**TASK INSTRUCTIONS:** From the entries below, retype only the lines from the one with "Mint condition &" through the one with "奥克斯破壁机加热家用全自动豆浆机多功能无渣免滤榨汁机料理机", exactly as written.

**RECORDS FOR THE TASK:**
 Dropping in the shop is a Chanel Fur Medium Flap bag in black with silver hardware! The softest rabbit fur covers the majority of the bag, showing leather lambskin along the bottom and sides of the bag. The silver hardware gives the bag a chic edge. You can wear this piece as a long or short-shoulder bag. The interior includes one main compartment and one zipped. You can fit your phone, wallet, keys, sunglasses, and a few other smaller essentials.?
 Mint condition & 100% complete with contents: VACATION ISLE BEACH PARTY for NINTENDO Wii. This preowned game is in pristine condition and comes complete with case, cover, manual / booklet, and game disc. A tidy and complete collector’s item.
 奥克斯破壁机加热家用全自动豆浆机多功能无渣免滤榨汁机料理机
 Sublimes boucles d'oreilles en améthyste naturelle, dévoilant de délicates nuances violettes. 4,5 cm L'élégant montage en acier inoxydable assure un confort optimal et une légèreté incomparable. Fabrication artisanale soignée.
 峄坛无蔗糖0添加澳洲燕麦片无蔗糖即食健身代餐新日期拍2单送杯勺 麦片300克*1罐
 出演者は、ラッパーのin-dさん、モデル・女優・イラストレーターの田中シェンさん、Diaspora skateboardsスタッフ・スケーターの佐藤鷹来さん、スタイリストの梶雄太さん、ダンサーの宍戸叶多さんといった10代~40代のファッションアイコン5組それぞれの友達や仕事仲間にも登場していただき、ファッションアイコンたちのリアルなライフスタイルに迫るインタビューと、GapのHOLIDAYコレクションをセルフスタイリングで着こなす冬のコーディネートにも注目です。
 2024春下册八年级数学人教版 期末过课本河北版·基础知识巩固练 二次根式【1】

**RESULT BELOW:**
 Mint condition & 100% complete with contents: VACATION ISLE BEACH PARTY for NINTENDO Wii. This preowned game is in pristine condition and comes complete with case, cover, manual / booklet, and game disc. A tidy and complete collector’s item.
 奥克斯破壁机加热家用全自动豆浆机多功能无渣免滤榨汁机料理机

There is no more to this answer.